(How to complete this task):
Exclude the pictures and set down, unaltered, the lines from the one that holds "操作步骤:工程管理——生产BOM管理;点击进入页面后如下图操作;" through the end of the data.

(Dataset excerpts)
★ ★ ★
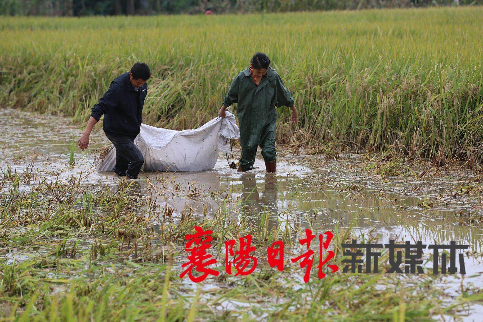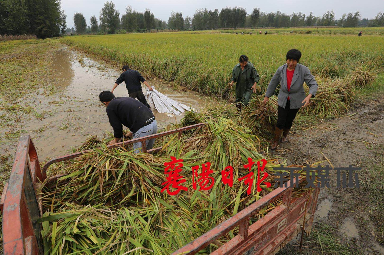 10月6日,樊城区太平店镇杨旗营村,农户们趁着雨后抢收受灾的稻谷。
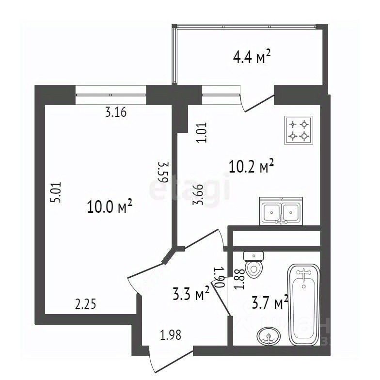 Площадь кухни10,2 м²
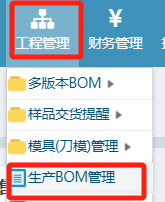操作步骤:工程管理——生产BOM管理;点击进入页面后如下图操作;
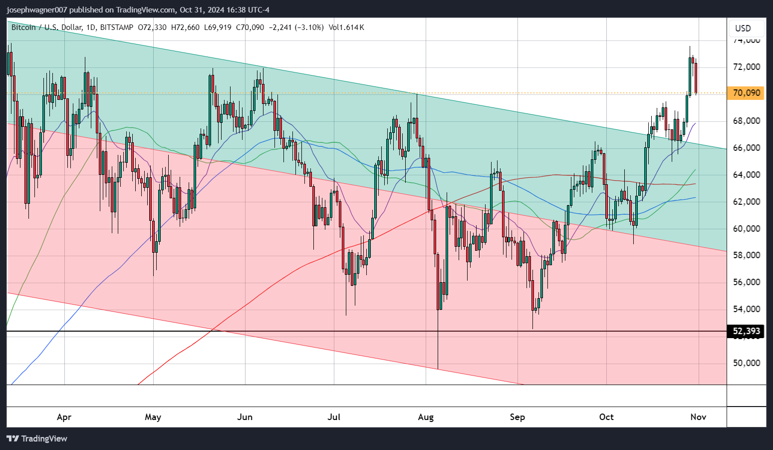 Despite Bitcoin's recent failure to set a new record, traders shouldn't lose confidence – fresh highs could materialize in the very near term, possibly as early as next week. The primary catalyst driving Bitcoin's recent price action has been the approaching U.S. presidential election, scheduled for Tuesday, November 5th.
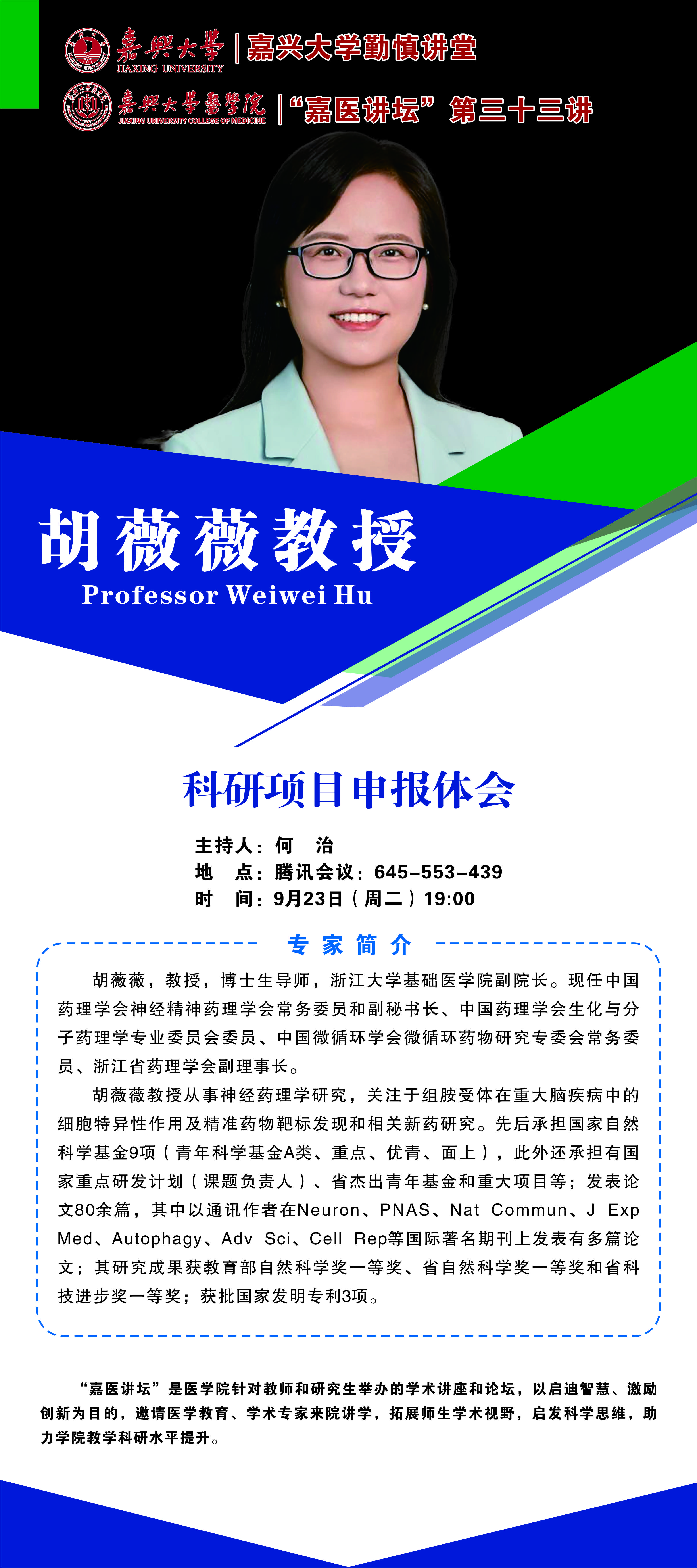 嘉医讲坛第三十三讲-胡薇薇教授
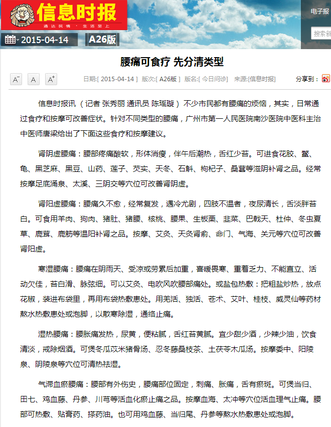 《信息时报》:腰痛可食疗 先分清类型 2015年4月14日A26版
★ ★ ★
(Solution for this exercise):
操作步骤:工程管理——生产BOM管理;点击进入页面后如下图操作;
 Despite Bitcoin's recent failure to set a new record, traders shouldn't lose confidence – fresh highs could materialize in the very near term, possibly as early as next week. The primary catalyst driving Bitcoin's recent price action has been the approaching U.S. presidential election, scheduled for Tuesday, November 5th.
 嘉医讲坛第三十三讲-胡薇薇教授
 《信息时报》:腰痛可食疗 先分清类型 2015年4月14日A26版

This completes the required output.